## Exercise directions
Only the pictures are to be left out; return the rest of the data exactly as it stands.

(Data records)
- - - -

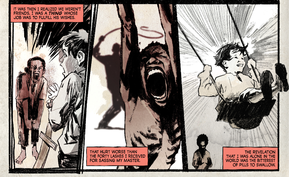 This image of Jupiter pushing Jefferson on the swing recurs later, as well, in Jupiter’s telling of his history. Whereas Jefferson, and by extension Abigail, depict Jupiter as joyful and happy playing with the young Jefferson, Jupiter depicts the events in a starkly different manner. This four-page sequence where Jupiter tells his own story begins similar to Jefferson’s telling. We see, in the first panel, Jupiter chasing Jefferson around Shadwell Plantation, and Jupiter says that Jefferson as his “best and only friend,” not his “almost” friend as Jefferson describes it.
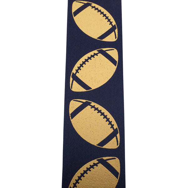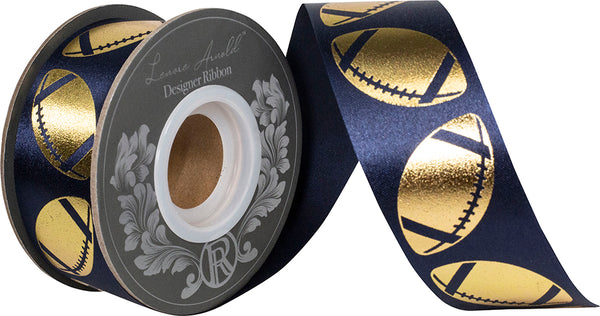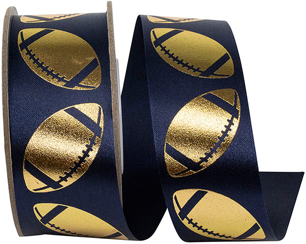 Featuring bold metallic gold footballs printed on sleek navy polyester with a firm finish, this ribbon delivers drama, contrast, and high-impact shine. Its narrow width makes it ideal for corsages, favors, treat bags, centerpieces, and detailed bow work.
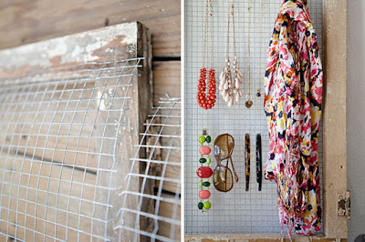 Keep your earrings, sunglasses and scarves in one easy-to- find and awesome-to-look-at place. We dig the shabby chic vibe of this distressed window frame.
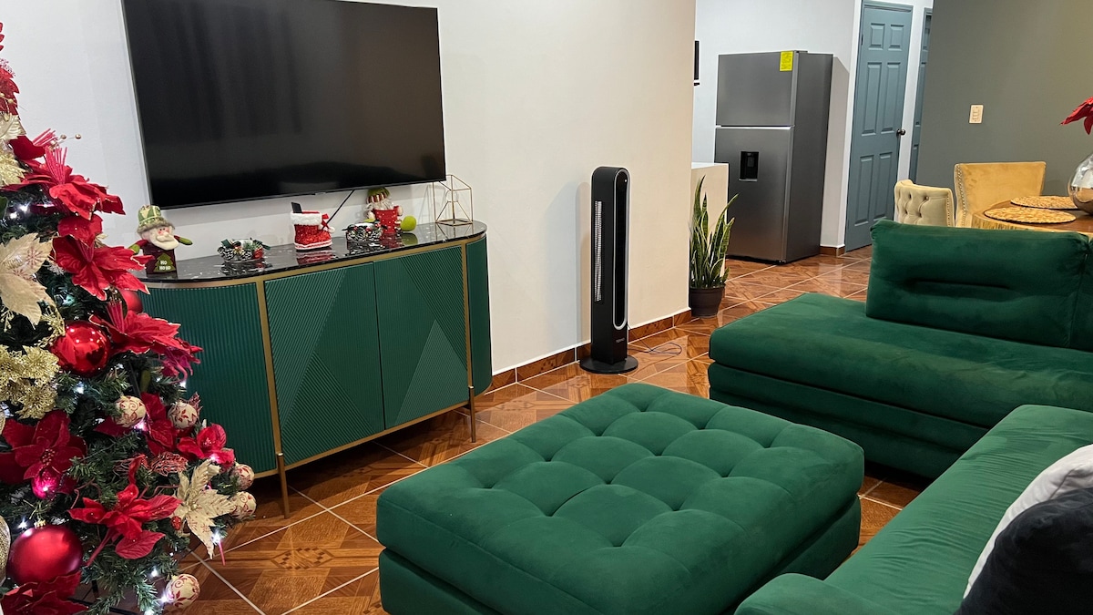 Relájate con toda la familia y amigos en este alojamiento donde la tranquilidad y la naturaleza se combinan. - La Habitación Principal cuenta con Aire Acondicionado - La Segunda Habitación cuenta con Aire Acondicionado - La Sala Cuenta con Aire Acondicionado -Mesa de Trabajo - La Cocina Cuenta con Aire Acondicionado -Agua caliente en el Baño y Cocina -Lavadora y Secadora -Estacionamiento para 2 Vehiculos
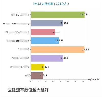 另外,网友对8款空气净化器除PM2.5的能力进行了测试,测试房间同测除甲醛的一样,见下图。除醛速率最高的除P速率不一定最高。
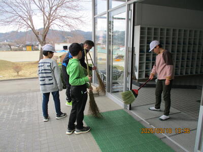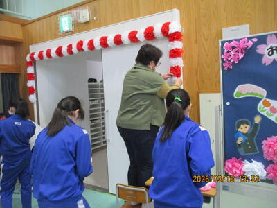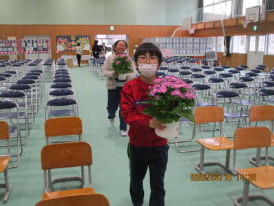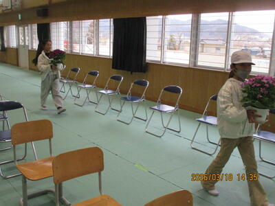 午後、4、5年生が卒業式場づくりをしました。飾り付けをしたり清掃したりして、明日の卒業式が6年生にとっての思い出となるよう心を込めて作業をしました。
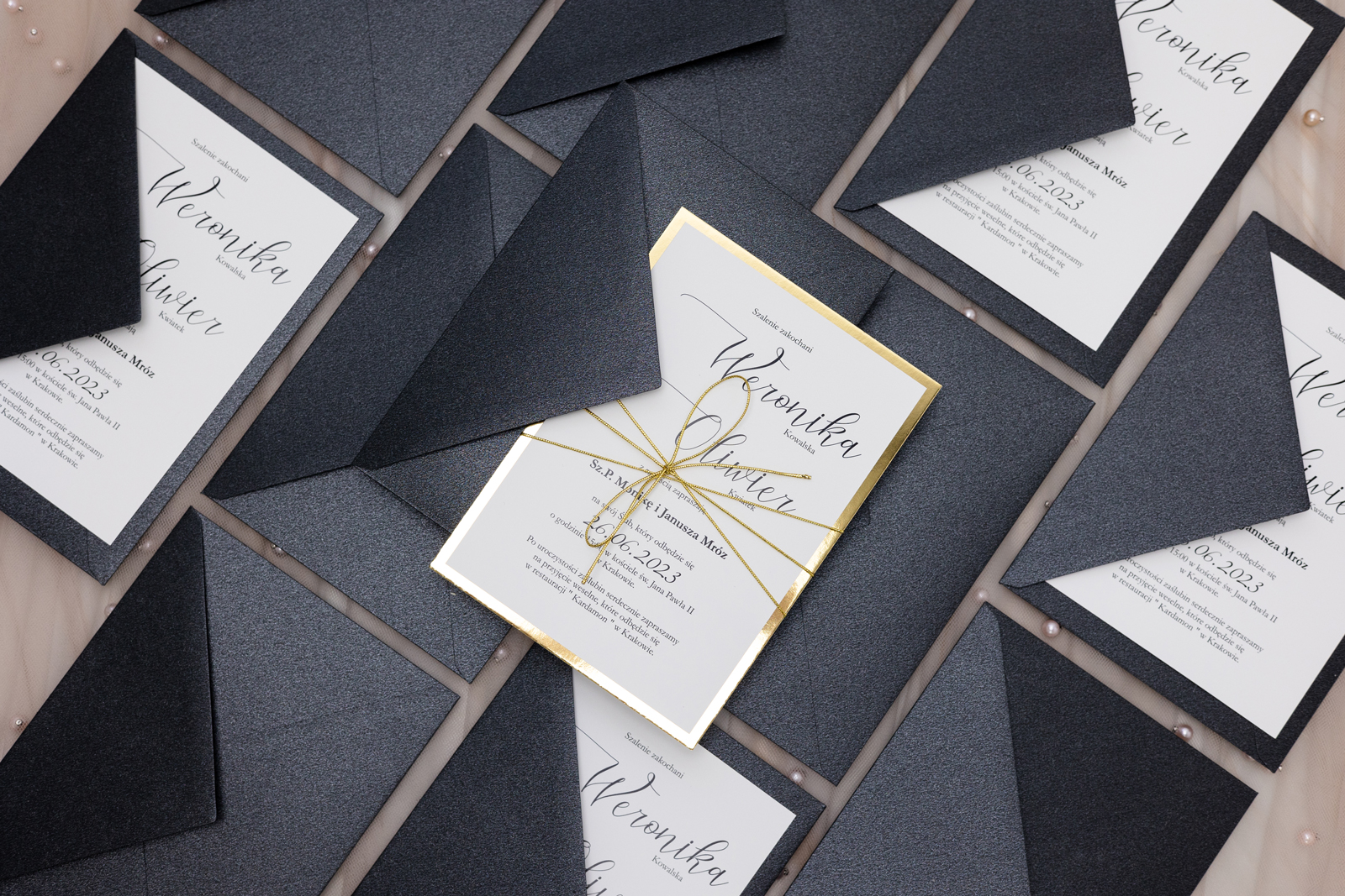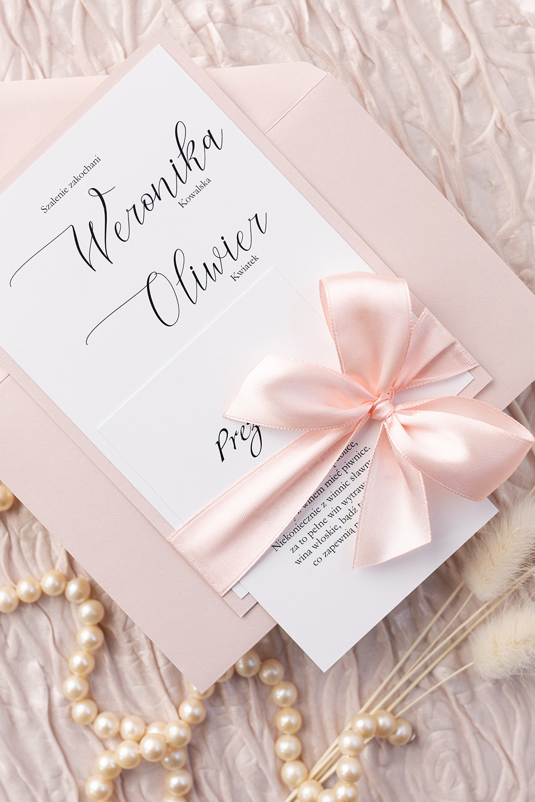 Każda perła jest aplikowana indywidualnie, co sprawia, że każde zaproszenie staje się niepowtarzalne. Ze względu na ręczne wykonanie, układ perełek może delikatnie różnić się między egzemplarzami.

- - - -

## Solution to this problem
 This image of Jupiter pushing Jefferson on the swing recurs later, as well, in Jupiter’s telling of his history. Whereas Jefferson, and by extension Abigail, depict Jupiter as joyful and happy playing with the young Jefferson, Jupiter depicts the events in a starkly different manner. This four-page sequence where Jupiter tells his own story begins similar to Jefferson’s telling. We see, in the first panel, Jupiter chasing Jefferson around Shadwell Plantation, and Jupiter says that Jefferson as his “best and only friend,” not his “almost” friend as Jefferson describes it.
 Featuring bold metallic gold footballs printed on sleek navy polyester with a firm finish, this ribbon delivers drama, contrast, and high-impact shine. Its narrow width makes it ideal for corsages, favors, treat bags, centerpieces, and detailed bow work.
 Keep your earrings, sunglasses and scarves in one easy-to- find and awesome-to-look-at place. We dig the shabby chic vibe of this distressed window frame.
 Relájate con toda la familia y amigos en este alojamiento donde la tranquilidad y la naturaleza se combinan. - La Habitación Principal cuenta con Aire Acondicionado - La Segunda Habitación cuenta con Aire Acondicionado - La Sala Cuenta con Aire Acondicionado -Mesa de Trabajo - La Cocina Cuenta con Aire Acondicionado -Agua caliente en el Baño y Cocina -Lavadora y Secadora -Estacionamiento para 2 Vehiculos
 另外,网友对8款空气净化器除PM2.5的能力进行了测试,测试房间同测除甲醛的一样,见下图。除醛速率最高的除P速率不一定最高。
 午後、4、5年生が卒業式場づくりをしました。飾り付けをしたり清掃したりして、明日の卒業式が6年生にとっての思い出となるよう心を込めて作業をしました。
 Każda perła jest aplikowana indywidualnie, co sprawia, że każde zaproszenie staje się niepowtarzalne. Ze względu na ręczne wykonanie, układ perełek może delikatnie różnić się między egzemplarzami.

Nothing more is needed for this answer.